## PROBLEM
Your answer must be the full listing, word for word, with no images in it.
(Beginning of RAW DATA)
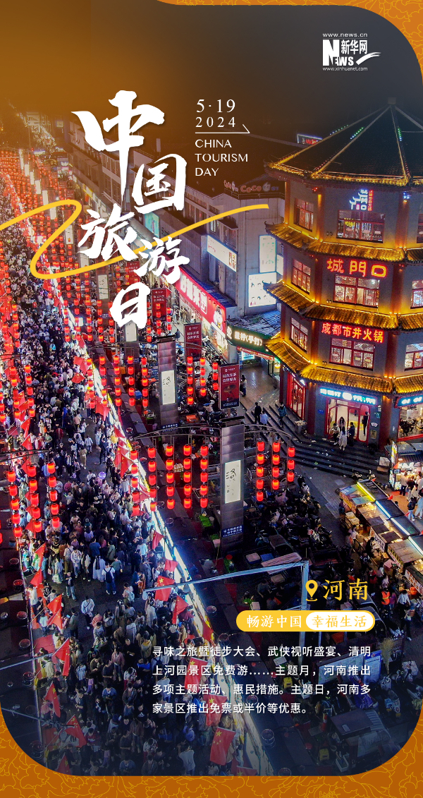 2024年5月19日是第14个中国旅游日。今年活动主题是“畅游中国,幸福生活”,以“主题月、主题周、主题日”等形式开展一系列活动。
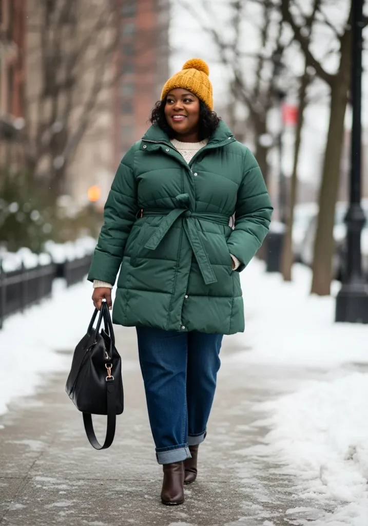 This outfit brings together all the winter pieces I reach for when I want to feel warm but still look wonderfully put together. She is wearing a deep green belted puffer coat that creates such a lovely shape even with all the padding. The coat pairs perfectly with classic cuffed blue jeans and dark brown ankle boots that keep the look clean and polished. The chunky knit mustard beanie adds the sweetest pop of color and the black structured handbag pulls everything together with a chic touch. The whole vibe feels comfy, confident, and totally ready for a snowy city stroll.
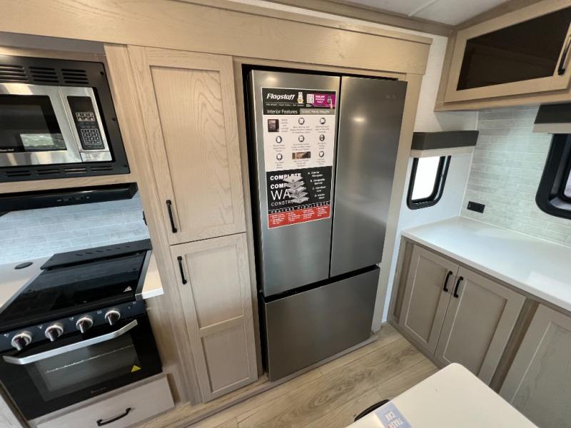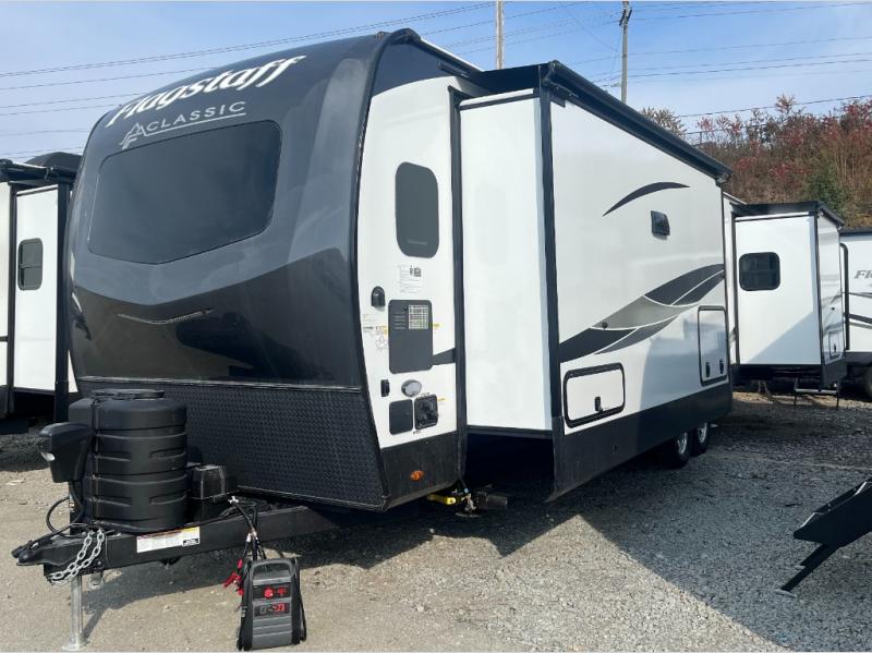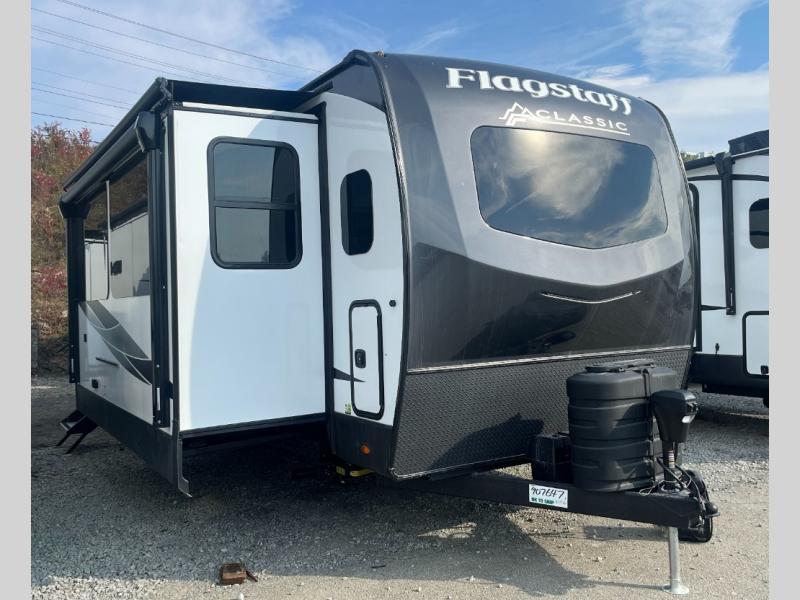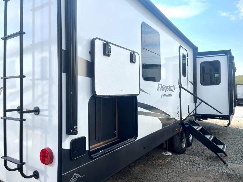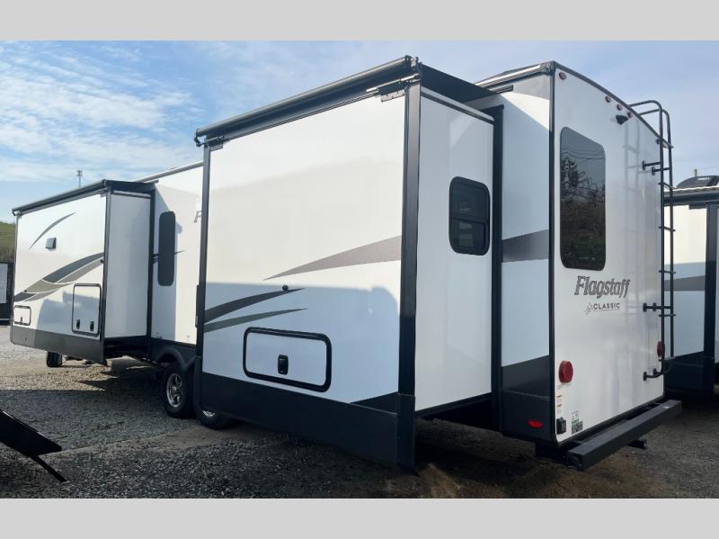 Each one of these Forest River Flagstaff Classic fifth wheels or travel trailers will be your home on wheels! Their quality craftsmanship and attention to detail shines through the enclosed underbelly, the radius roof with vaulted interior ceilings, and six-sided fully aluminum-framed floor, walls, and roof. Towing your unit will be easy with the Goodyear Endurance tires plus a tire pressure monitoring system with a monitor. The interior of each Flagstaff Classic model will have you feeling right at home with Sedonwood cabinetry, soft closing drawer slides, reading lights in the bedroom, plus many more comforts.
(End of RAW DATA)
## SOLUTION TO THE EXERCISE
 2024年5月19日是第14个中国旅游日。今年活动主题是“畅游中国,幸福生活”,以“主题月、主题周、主题日”等形式开展一系列活动。
 This outfit brings together all the winter pieces I reach for when I want to feel warm but still look wonderfully put together. She is wearing a deep green belted puffer coat that creates such a lovely shape even with all the padding. The coat pairs perfectly with classic cuffed blue jeans and dark brown ankle boots that keep the look clean and polished. The chunky knit mustard beanie adds the sweetest pop of color and the black structured handbag pulls everything together with a chic touch. The whole vibe feels comfy, confident, and totally ready for a snowy city stroll.
 Each one of these Forest River Flagstaff Classic fifth wheels or travel trailers will be your home on wheels! Their quality craftsmanship and attention to detail shines through the enclosed underbelly, the radius roof with vaulted interior ceilings, and six-sided fully aluminum-framed floor, walls, and roof. Towing your unit will be easy with the Goodyear Endurance tires plus a tire pressure monitoring system with a monitor. The interior of each Flagstaff Classic model will have you feeling right at home with Sedonwood cabinetry, soft closing drawer slides, reading lights in the bedroom, plus many more comforts.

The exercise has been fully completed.